RFC 1518          CIDR Address Allocation Architecture    September 1993


      national backbones in Europe, and one in the far east, then MBII
      may make use of six different address prefixes.  Each part of MBII
      would be assigned a single address prefix based on the nearest
      connection.

      For purposes of external routing of traffic from outside MBII to a
      destination inside of MBII, this approach works similarly to
      treating MBII as six separate organizations. For purposes of
      internal routing, or for routing traffic from inside of MBII to a
      destination outside of MBII, this approach works the same as the
      first solution.

      If we assume that incoming traffic (coming from outside of MBII,
      with a destination within MBII) is always to enter via the nearest
      point to the destination, then each TRD which has a connection to
      MBII needs to announce to other TRDs the ability to reach only
      those parts of MBII whose address is taken from its own address
      space. This implies that no additional routing information needs
      to be exchanged between TRDs, resulting in a smaller load on the
      inter-domain routing tables maintained by TRDs when compared to
      the first solution. This solution therefore scales better to
      extremely large internets containing very large numbers of multi-
      homed organizations.

      One problem with the second solution is that backup routes to
      multi-homed organizations are not automatically maintained. With
      the first solution, each TRD, in announcing the ability to reach
      MBII, specifies that it is able to reach all of the hosts within
      MBII. With the second solution, each TRD announces that it can
      reach all of the hosts based on its own address prefix, which only
      includes some of the hosts within MBII. If the connection between
      MBII and one particular TRD were severed, then the hosts within
      MBII with addresses based on that TRD would become unreachable via
      inter-domain routing.

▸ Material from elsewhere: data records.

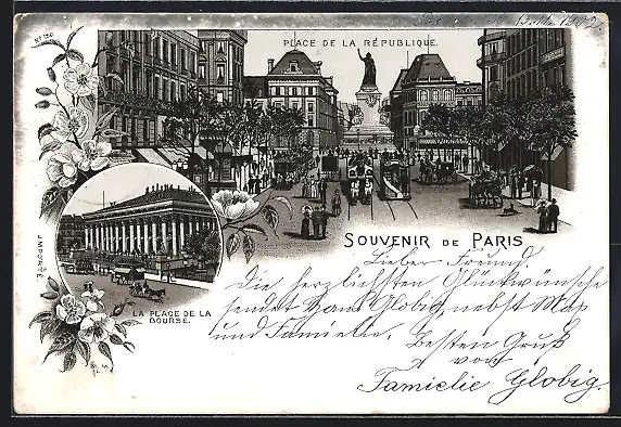 Lithographie Paris, Place de la République, La Place de la Bourse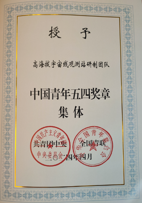 4月29日,第28届“中国青年五四奖章”评选结果揭晓,高海拔宇宙线观测站研制团队荣获“中国青年五四奖章集体”。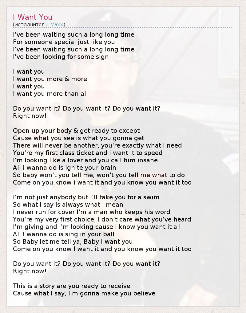 I've been waiting such a long long time For someone special just like you I've been waiting such a long long time I've been looking for some sign I want you I want you more & more I want you I want you more than all Do you want it? Do you want it? Do you want it? Right now! Open up your body & get ready to except Cause what you see is what you gonna get There will never be another, you're exactly what I need You're my first class ticket and i want it to speed I'm looking like a lover and you call him insane All i wanna do is ignite your brain So baby won't you tell me, won't you tell me what to do Come on you know i want it and you know you want it too I'm not just anybody but i'll take you for a swim So what I say is always what I mean I never run for cover I'm a man who keeps his word You're my very first choice, I don't care what you've heard I'm giving and I'm looking cause I know you want it all All I wanna do is sing in your ball So Baby let me tell ya, Baby I want you Come on you know I want it and you know you want it too Do you want it? Do you want it? Do you want it? Right now! This is a story are you ready to receive Cause what I say, I'm gonna make you believe

The impact of this problem can be reduced
      somewhat by maintenance of additional information within routing
      tables, but this reduces the scaling advantage of the second
      approach.

      The second solution also requires that when external connectivity
      changes, internal addresses also change.

      Also note that this and the previous approach will tend to cause
      packets to take different routes. With the first approach, packets
      from outside of MBII destined for within MBII will tend to enter
      via the point which is closest to the source (which will therefore
      tend to maximize the load on the networks internal to MBII). With
      the second solution, packets from outside destined for within MBII
      will tend to enter via the point which is closest to the



Rekhter & Li                                                   [Page 13]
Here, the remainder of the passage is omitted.